Lastly, Jesus himself points his hearers back to this story that we are looking at today and paints the pagan, Gentiles of Ninevah with a beautiful brush of faithfulness, repentance, and justification. And paints his hearers as faithless, unrepentant and unjustified. In Luke 11:29-32 we read this, “As the crowds increased, Jesus said, “This is a wicked generation. It asks for a sign, but none will be given it except the sign of Jonah. For as Jonah was a sign to the Ninevites, so also will the Son of Man be to this generation. The Queen of the South will rise at the judgment with the people of this generation and condemn them, for she came from the ends of the earth to listen to Solomon’s wisdom; and now something greater than Solomon is here. The men of Nineveh will stand up at the judgment with this generation and condemn it, for they repented at the preaching of Jonah; and now something greater than Jonah is here.” Jesus was driving home the same point that the writer of Jonah was driving. That the pagan, gentile people (whether of Jesus day) or of Jonah’s had a more open heart to the things of God than the religious people of Jesus’ day (or Jonah’s day for that matter). Could we say that about our own day? That people who are “outside” the Christian faith might have a more open heart to the things of God than “Christians”? Interesting question that we’ll explore together. So to end the story, the entire city of Ninevah, from greatest to least, from the King of Assyria to the livestock, sitting in sackcloth and ashes, fasting, and calling upon God in repentance. God hears their cries of repentance, their cries of mercy, and their pleading for forgiveness, and he relents from the destruction that he had planned (which would be an interesting discussion sometime).
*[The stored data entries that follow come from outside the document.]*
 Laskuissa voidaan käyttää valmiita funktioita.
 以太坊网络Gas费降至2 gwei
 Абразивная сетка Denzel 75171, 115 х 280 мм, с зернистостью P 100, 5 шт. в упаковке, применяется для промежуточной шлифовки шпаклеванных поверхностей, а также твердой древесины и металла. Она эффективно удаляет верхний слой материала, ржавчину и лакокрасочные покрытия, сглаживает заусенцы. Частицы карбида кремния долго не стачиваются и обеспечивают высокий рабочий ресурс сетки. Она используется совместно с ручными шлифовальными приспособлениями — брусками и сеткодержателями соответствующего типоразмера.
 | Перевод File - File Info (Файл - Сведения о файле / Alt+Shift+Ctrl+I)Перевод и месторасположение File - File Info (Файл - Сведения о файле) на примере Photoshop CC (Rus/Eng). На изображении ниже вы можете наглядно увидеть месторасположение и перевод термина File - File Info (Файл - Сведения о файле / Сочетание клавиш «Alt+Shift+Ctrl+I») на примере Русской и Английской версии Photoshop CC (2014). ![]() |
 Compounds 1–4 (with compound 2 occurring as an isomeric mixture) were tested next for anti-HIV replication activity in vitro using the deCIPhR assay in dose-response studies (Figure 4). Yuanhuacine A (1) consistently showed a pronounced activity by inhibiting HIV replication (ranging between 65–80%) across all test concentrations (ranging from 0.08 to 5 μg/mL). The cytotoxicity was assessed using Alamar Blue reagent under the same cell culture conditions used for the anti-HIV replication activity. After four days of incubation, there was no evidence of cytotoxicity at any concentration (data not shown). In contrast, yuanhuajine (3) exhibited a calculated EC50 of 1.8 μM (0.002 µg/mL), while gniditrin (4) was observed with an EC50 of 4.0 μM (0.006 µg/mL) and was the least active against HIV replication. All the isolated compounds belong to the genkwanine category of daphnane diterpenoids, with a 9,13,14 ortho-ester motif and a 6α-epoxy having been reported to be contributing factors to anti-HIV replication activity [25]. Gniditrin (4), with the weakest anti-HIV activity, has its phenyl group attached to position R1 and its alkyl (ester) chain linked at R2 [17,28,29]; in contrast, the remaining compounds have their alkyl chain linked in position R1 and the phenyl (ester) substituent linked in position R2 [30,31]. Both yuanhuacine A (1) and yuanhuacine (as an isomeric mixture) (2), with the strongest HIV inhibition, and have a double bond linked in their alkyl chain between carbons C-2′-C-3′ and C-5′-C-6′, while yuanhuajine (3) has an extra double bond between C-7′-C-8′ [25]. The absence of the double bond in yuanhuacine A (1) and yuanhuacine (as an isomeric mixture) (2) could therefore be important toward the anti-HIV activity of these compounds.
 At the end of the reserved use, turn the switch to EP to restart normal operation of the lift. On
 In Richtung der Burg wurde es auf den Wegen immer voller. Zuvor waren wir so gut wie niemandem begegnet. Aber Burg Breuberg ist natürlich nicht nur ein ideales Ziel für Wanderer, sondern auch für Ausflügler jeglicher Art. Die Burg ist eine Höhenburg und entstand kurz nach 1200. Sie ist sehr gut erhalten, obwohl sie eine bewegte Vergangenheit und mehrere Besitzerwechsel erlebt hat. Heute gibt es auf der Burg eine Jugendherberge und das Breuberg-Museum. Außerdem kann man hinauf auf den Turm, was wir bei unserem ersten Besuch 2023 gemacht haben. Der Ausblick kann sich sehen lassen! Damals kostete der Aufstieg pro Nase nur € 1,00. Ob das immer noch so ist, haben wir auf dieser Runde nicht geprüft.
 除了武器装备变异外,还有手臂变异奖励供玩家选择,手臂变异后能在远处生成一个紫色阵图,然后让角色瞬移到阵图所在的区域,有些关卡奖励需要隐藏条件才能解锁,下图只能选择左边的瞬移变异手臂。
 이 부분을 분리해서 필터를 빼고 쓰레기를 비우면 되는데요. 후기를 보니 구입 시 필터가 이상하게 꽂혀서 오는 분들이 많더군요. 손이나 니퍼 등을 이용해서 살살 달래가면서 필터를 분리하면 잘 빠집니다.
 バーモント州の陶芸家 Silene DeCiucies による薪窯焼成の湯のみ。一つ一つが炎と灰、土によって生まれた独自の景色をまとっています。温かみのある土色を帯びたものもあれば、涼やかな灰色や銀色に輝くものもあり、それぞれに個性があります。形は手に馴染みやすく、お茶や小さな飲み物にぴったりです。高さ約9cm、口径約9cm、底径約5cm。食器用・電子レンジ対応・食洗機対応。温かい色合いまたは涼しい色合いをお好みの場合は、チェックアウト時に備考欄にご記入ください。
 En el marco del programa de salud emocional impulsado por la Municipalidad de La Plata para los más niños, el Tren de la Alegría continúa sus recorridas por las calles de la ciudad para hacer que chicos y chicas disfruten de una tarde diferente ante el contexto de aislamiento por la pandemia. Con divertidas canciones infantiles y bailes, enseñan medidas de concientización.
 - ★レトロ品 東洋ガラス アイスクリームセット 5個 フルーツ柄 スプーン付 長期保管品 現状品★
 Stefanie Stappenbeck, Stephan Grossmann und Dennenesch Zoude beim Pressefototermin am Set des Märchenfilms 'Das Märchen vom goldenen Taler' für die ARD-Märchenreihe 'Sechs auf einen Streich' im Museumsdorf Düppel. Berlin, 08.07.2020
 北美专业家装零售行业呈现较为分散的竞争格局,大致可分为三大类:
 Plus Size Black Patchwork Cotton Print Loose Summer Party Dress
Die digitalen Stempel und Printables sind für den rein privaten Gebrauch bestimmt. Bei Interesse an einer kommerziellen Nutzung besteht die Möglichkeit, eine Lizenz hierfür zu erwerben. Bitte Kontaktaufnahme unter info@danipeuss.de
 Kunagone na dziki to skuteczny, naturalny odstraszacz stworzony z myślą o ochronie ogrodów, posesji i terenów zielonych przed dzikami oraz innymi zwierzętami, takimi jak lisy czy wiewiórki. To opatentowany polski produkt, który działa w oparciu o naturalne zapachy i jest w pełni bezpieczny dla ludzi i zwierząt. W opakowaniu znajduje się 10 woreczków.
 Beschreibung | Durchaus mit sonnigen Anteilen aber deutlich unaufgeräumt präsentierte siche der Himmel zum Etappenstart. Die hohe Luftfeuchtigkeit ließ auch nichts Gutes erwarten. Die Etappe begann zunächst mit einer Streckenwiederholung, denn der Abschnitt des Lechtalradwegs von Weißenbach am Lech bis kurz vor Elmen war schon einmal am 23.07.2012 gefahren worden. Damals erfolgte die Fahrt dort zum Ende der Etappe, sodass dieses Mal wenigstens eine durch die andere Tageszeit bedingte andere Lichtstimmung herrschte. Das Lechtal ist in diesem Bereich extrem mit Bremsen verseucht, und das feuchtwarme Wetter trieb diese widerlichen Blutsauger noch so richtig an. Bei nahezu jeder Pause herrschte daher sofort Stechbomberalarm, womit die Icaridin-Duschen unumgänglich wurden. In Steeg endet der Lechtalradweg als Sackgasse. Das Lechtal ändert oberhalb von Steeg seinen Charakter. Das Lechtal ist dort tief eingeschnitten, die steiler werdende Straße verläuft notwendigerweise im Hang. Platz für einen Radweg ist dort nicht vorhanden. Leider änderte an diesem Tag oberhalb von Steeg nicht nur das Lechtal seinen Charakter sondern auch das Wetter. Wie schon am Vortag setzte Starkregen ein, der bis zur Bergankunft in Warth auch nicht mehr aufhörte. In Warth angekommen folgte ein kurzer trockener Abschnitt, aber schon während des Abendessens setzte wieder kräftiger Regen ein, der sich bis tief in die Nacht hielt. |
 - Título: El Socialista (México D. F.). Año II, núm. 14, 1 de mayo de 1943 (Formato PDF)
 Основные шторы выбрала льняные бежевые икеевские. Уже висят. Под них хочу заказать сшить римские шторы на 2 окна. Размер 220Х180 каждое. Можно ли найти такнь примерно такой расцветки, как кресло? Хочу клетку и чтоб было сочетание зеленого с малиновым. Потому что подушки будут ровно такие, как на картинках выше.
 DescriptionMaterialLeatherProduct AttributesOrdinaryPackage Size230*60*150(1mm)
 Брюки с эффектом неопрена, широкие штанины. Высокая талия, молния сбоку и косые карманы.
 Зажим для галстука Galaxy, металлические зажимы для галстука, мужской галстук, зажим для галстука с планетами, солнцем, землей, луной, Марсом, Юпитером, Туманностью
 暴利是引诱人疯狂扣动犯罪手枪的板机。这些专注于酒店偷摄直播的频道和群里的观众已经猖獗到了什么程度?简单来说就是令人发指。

So let’s turn to the question that I just asked about people outside the Christian faith having a more open heart to the things of God than Christians and a few other questions to unpack and apply this Scripture into our lives here in the 21st century.

Discussion Questions:

1. What thoughts, comments, insights, questions, push back, etc.. do you have regarding the message and/or the Scripture? 2. Who is God calling you to be on mission with and on mission for? Have you obeyed this call and if so out of what? (Love, Compassion, Duty, etc..) 3. Have you ever experienced a person who wasn't a "follower of Jesus" looking more like a follower of Jesus, than someone who claimed the name of Jesus? If so, share with us the story. What do you do with that? 4. What is God saying to you and what are you going to go about it? What is God saying to us and what should we do about it?